[TASK INSTRUCTIONS]:
Only text is carried over. Reproduce the entries below exactly.

EXERCISE MATERIAL START

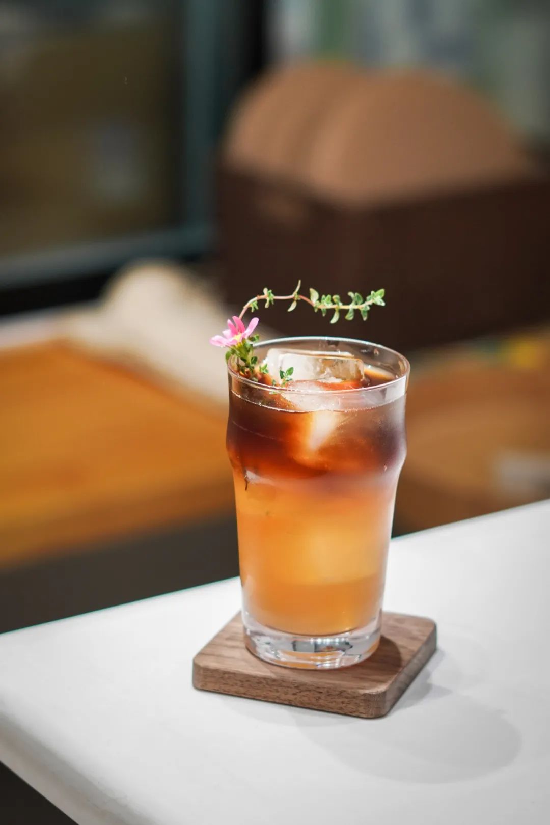 香橙酱、茉莉花茶和埃塞冰滴的组合看似简单,但精髓在于其中混合的比例;橙花冰酿的风味递进极具层次感,入口前段橙香浓郁,茉莉花的清香慢慢浮现,最后又回到淡淡的橙子香气作为收尾,咖啡的明亮香气始终作为陪衬贯穿着整口,很有意思。
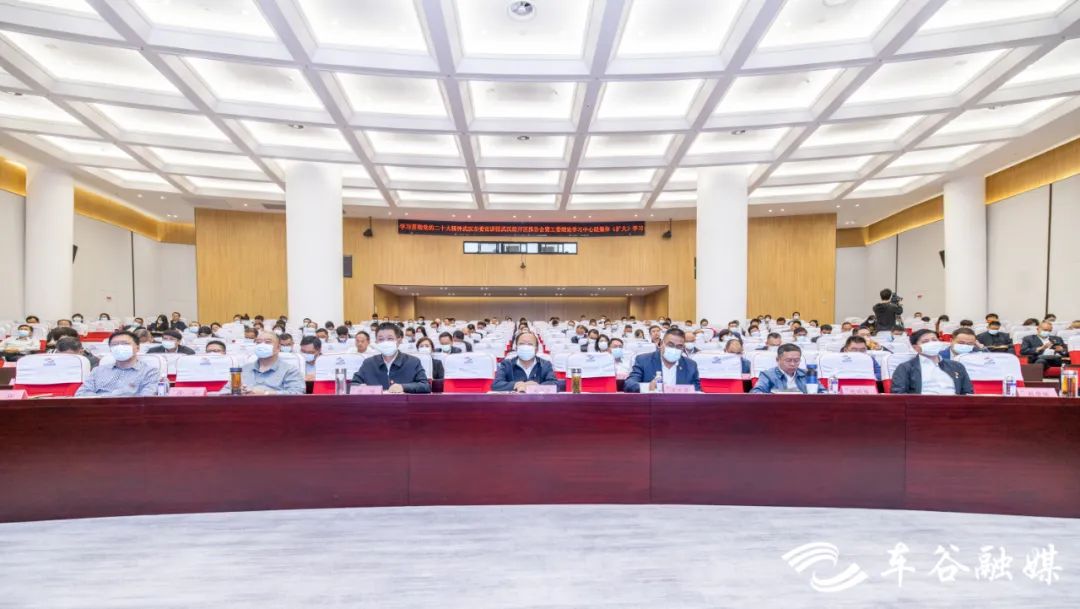 车谷融媒11月9日讯 11月9日,学习贯彻党的二十大精神武汉市委宣讲团武汉经开区报告会暨工委理论学习中心组集体(扩大)学习举行,这是市委宣讲团全市集中宣讲的首场报告会。市委宣讲团成员、华中科技大学国家治理研究院院长、哲学学院教授欧阳康作报告。市委常委、武汉经开区工委书记刘子清主持并讲话。
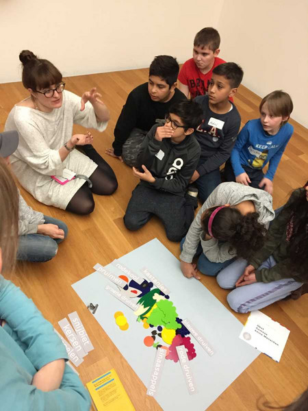 Dort erhielten die Kinder durch das Kunstprojekt „Opgeweckte Detective“ auf spielerische Weise Einblicke in die niederländische Malerei des 17. Jahrhunderts. Durch verschiedene kleine kreative Aufgaben, die in Gruppenarbeit gelöst wurden, konnten die Schüler am Ende das Rätsel lösen und das gesuchte Bild finden.
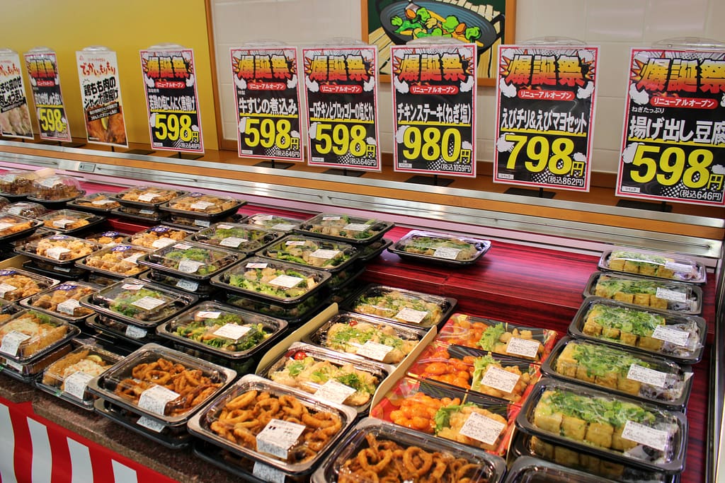 こちらは総菜コーナーです。大きなお惣菜がずらりと並んでおり迫力があります。
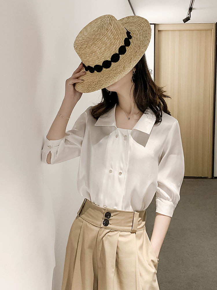 雪纺衬衫女设计感小众轻熟港风夏季复古法式职业气质通勤中袖上衣
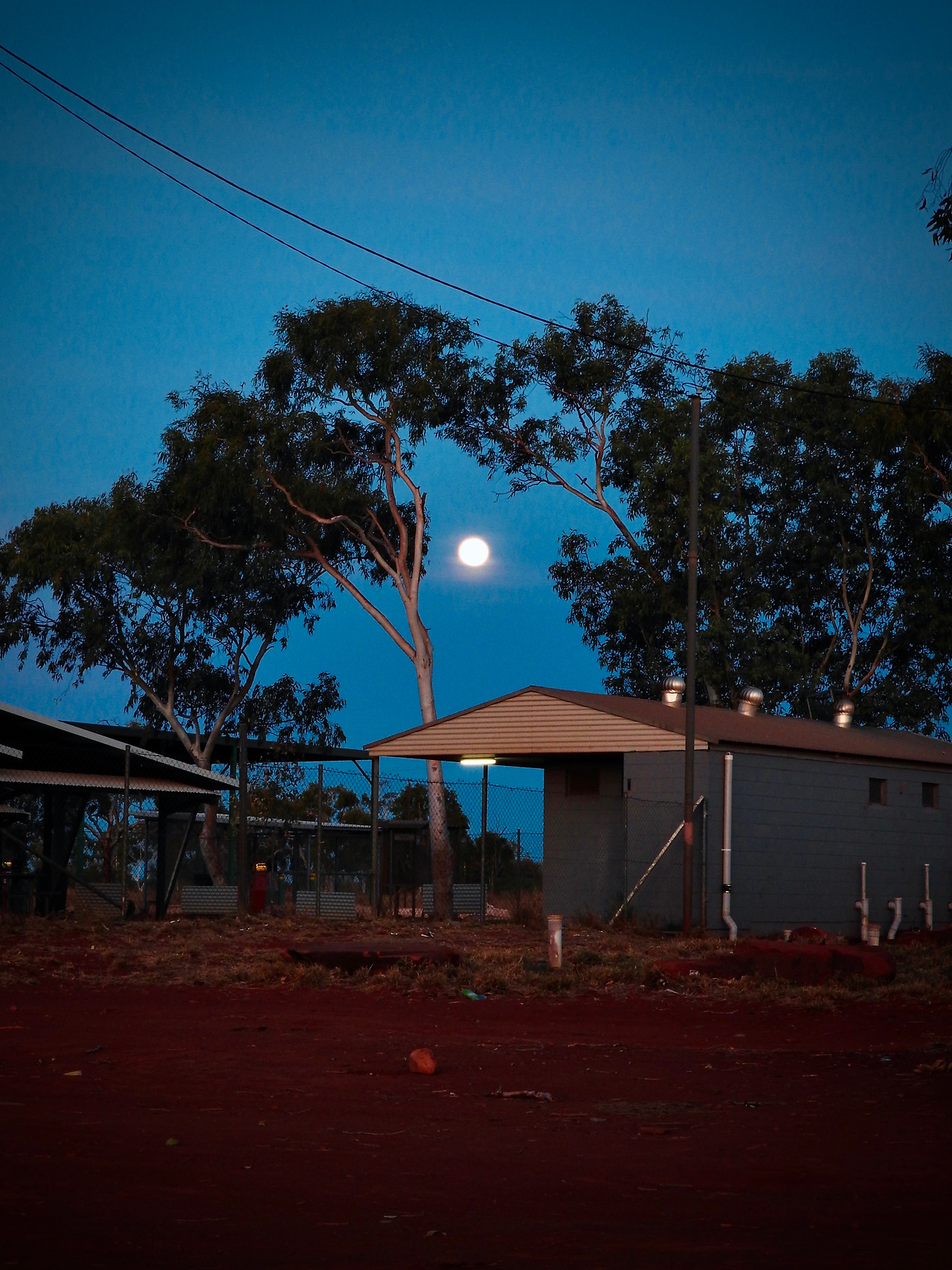 도착한 지 얼마 안 되어서 달 월식이 있을 거라는 이야기를 들었다. 아무것도 없는 아웃백이라, 평평한 대지에서 나는 넓고, 깊은 하늘을 볼 수 있다. 일을 마친 후, 저녁 해가 집에 들어가는 모습을 지켜보았다. 동시에 내 등 뒤로는 달이 높게 떠올라 있었다. 아무것도 없어도 하늘이 한가득이다.

EXERCISE MATERIAL END

[SOLUTION]:
 香橙酱、茉莉花茶和埃塞冰滴的组合看似简单,但精髓在于其中混合的比例;橙花冰酿的风味递进极具层次感,入口前段橙香浓郁,茉莉花的清香慢慢浮现,最后又回到淡淡的橙子香气作为收尾,咖啡的明亮香气始终作为陪衬贯穿着整口,很有意思。
 车谷融媒11月9日讯 11月9日,学习贯彻党的二十大精神武汉市委宣讲团武汉经开区报告会暨工委理论学习中心组集体(扩大)学习举行,这是市委宣讲团全市集中宣讲的首场报告会。市委宣讲团成员、华中科技大学国家治理研究院院长、哲学学院教授欧阳康作报告。市委常委、武汉经开区工委书记刘子清主持并讲话。
 Dort erhielten die Kinder durch das Kunstprojekt „Opgeweckte Detective“ auf spielerische Weise Einblicke in die niederländische Malerei des 17. Jahrhunderts. Durch verschiedene kleine kreative Aufgaben, die in Gruppenarbeit gelöst wurden, konnten die Schüler am Ende das Rätsel lösen und das gesuchte Bild finden.
 こちらは総菜コーナーです。大きなお惣菜がずらりと並んでおり迫力があります。
 雪纺衬衫女设计感小众轻熟港风夏季复古法式职业气质通勤中袖上衣
 도착한 지 얼마 안 되어서 달 월식이 있을 거라는 이야기를 들었다. 아무것도 없는 아웃백이라, 평평한 대지에서 나는 넓고, 깊은 하늘을 볼 수 있다. 일을 마친 후, 저녁 해가 집에 들어가는 모습을 지켜보았다. 동시에 내 등 뒤로는 달이 높게 떠올라 있었다. 아무것도 없어도 하늘이 한가득이다.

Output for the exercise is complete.